The Working Group has met on several occasions to establish a common knowledge base and to develop strategies for reducing dietary sodium consumption among Canadians. The process that Health Canada is following is patterned after that carried out by the Food Standards Agency in the UK – that is, no discussion of the science, but rather an immediate move to sodium reduction programs and policies. The concerns over salt are chiefly based upon its ability to affect blood pressure.

==Debate==
There is some debate on the impact of sodium reduction upon blood pressure. The salt industry and some food and beverage producers emphasize the heterogeneous impact of sodium on individuals. For example, they observe that about 30% of normotensive individuals experience a drop in blood pressure, while about 20% of normotensive individuals experience an increase in blood pressure - the remaining population showing no effect. As a consequence, some argue that programs to reduce salt will not hold the same benefits for everyone and policies to arbitrarily promote salt reduction will discriminate against a certain segment of the population. They argue that an across the board reduction in dietary sodium may not be the right approach and the outcome may lead to unintended consequences for Canadian consumers.

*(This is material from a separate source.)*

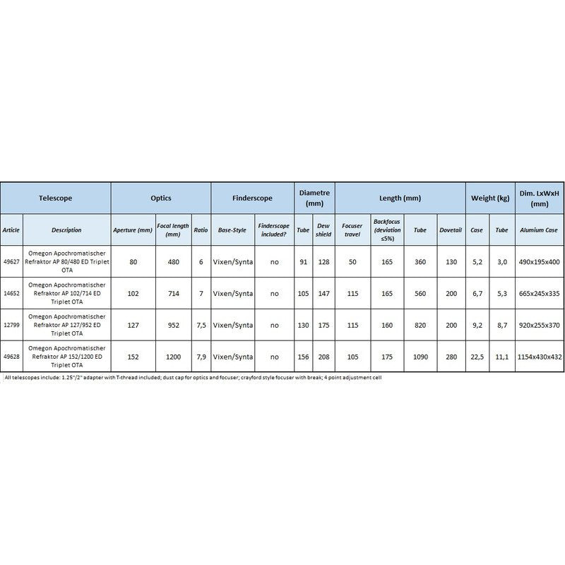 Omegon Rifrattore Apocromatico Pro APO AP 152/1200 ED Triplet OTA
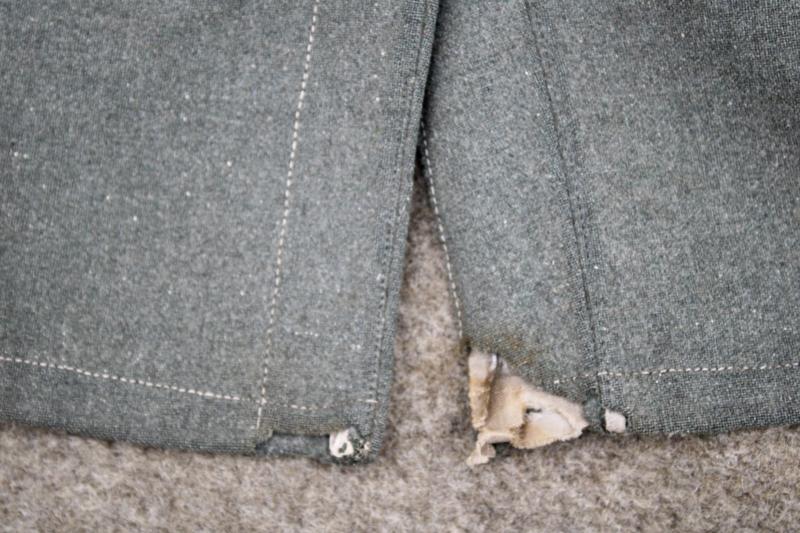 A M40 tunic which has suffered with some minor damage to the bottom of the rear of the tunic and some fraying to the two lower button holes. Otherwise the tunic is in good condition. The collar tabs and breast eagle have been re-applied and the tunic comes with a set of epaulettes which have the branch of service piping white for infantry. The lining has visible size markings. Still ideal for display and damage is not visible when a full set of field equipment is worn.

On the other hand, groups concerned with cardiovascular health and nutrition emphasize the overall negative effects of high levels of sodium in the North American diet. Based upon a study carried out in the US in 1991 on a total of 62 people, the presumption made is that most of the sodium Canadians consume (77%) comes from processed foods sold in grocery stores and in food service outlets. Only about 11% is added during preparation or at the table, with the remainder occurring naturally in foods. And while the individual benefits of reducing sodium intake are variable, it has been theorized that dietary sodium reduction could eliminate hypertension for over a million Canadians, with a resulting savings of at least 430 million dollars annually in direct high blood pressure management costs (although this has never been confirmed through clinical trials). In other words, while not all Canadians need to reduce their intake of dietary sodium, many have been urged to. Moreover, theoretical estimates have projected that we may be better off because of a possible reduction of tax-supported health care.

==Disbandment==
On February 4, 2011, the Ottawa Citizen reported that the Health Canada Sodium Working Group had been disbanded. The Group had been charged with tracking whether companies were reducing the level of salt in processed foods over the next five years. This follows actions in the United Kingdom to abolish the dietary mandate of the FSA (Food Standards Agency) the government unit most actively involved in salt reduction advocacy.